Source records
____

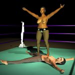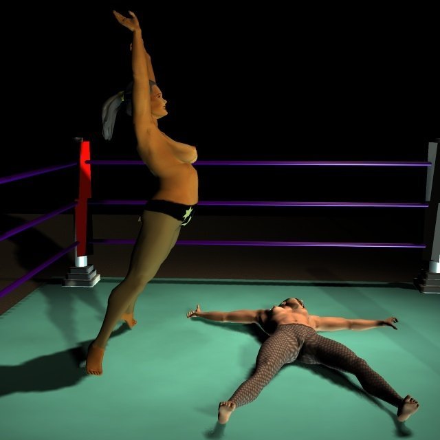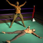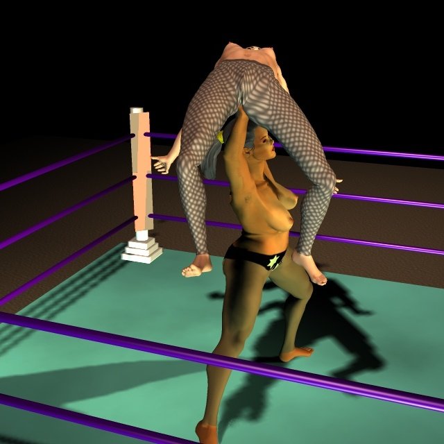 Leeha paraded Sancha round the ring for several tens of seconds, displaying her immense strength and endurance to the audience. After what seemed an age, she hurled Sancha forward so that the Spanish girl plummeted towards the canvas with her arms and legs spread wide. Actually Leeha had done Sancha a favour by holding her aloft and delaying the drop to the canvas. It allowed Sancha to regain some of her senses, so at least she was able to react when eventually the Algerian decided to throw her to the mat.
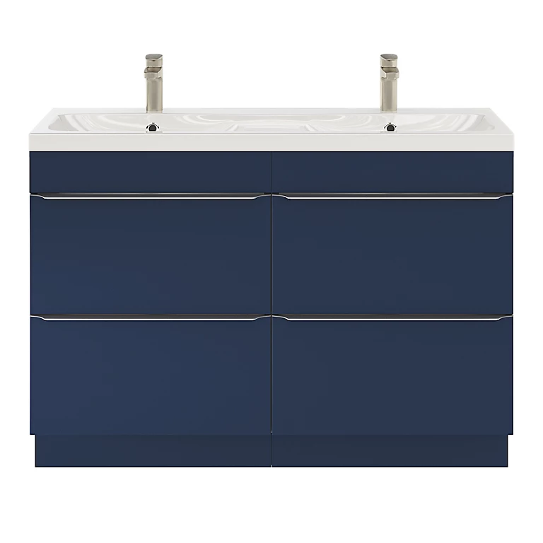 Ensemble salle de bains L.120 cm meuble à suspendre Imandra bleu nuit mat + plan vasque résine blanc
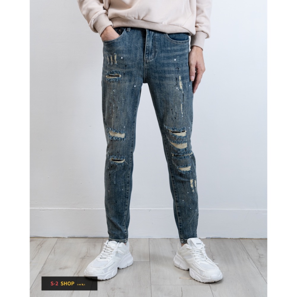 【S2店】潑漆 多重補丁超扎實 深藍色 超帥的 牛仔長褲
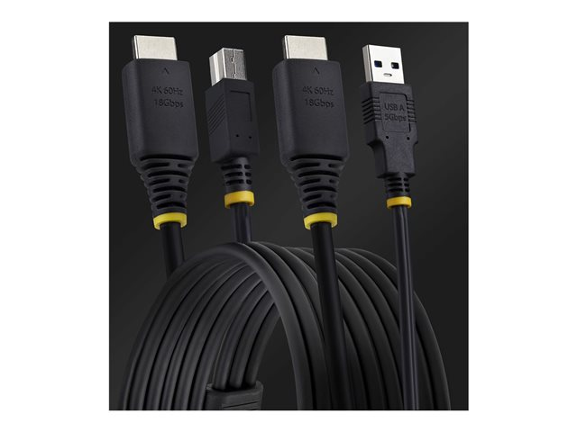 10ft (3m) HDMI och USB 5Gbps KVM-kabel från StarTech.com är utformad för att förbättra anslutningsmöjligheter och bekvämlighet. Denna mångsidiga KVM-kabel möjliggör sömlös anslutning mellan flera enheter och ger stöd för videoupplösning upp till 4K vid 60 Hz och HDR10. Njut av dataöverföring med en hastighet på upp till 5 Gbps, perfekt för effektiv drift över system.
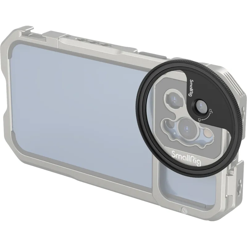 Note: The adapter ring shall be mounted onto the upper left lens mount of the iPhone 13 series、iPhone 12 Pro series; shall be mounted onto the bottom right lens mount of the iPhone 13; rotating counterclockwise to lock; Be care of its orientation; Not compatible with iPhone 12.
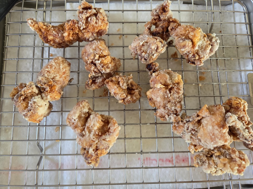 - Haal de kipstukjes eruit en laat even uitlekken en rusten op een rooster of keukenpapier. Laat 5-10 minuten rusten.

____

(ACTIVITY): Excluding all pictures, output exactly the lines from the line containing "Note: The adapter" through the last line of the entries above.

(TASK RESULT):
 Note: The adapter ring shall be mounted onto the upper left lens mount of the iPhone 13 series、iPhone 12 Pro series; shall be mounted onto the bottom right lens mount of the iPhone 13; rotating counterclockwise to lock; Be care of its orientation; Not compatible with iPhone 12.
 - Haal de kipstukjes eruit en laat even uitlekken en rusten op een rooster of keukenpapier. Laat 5-10 minuten rusten.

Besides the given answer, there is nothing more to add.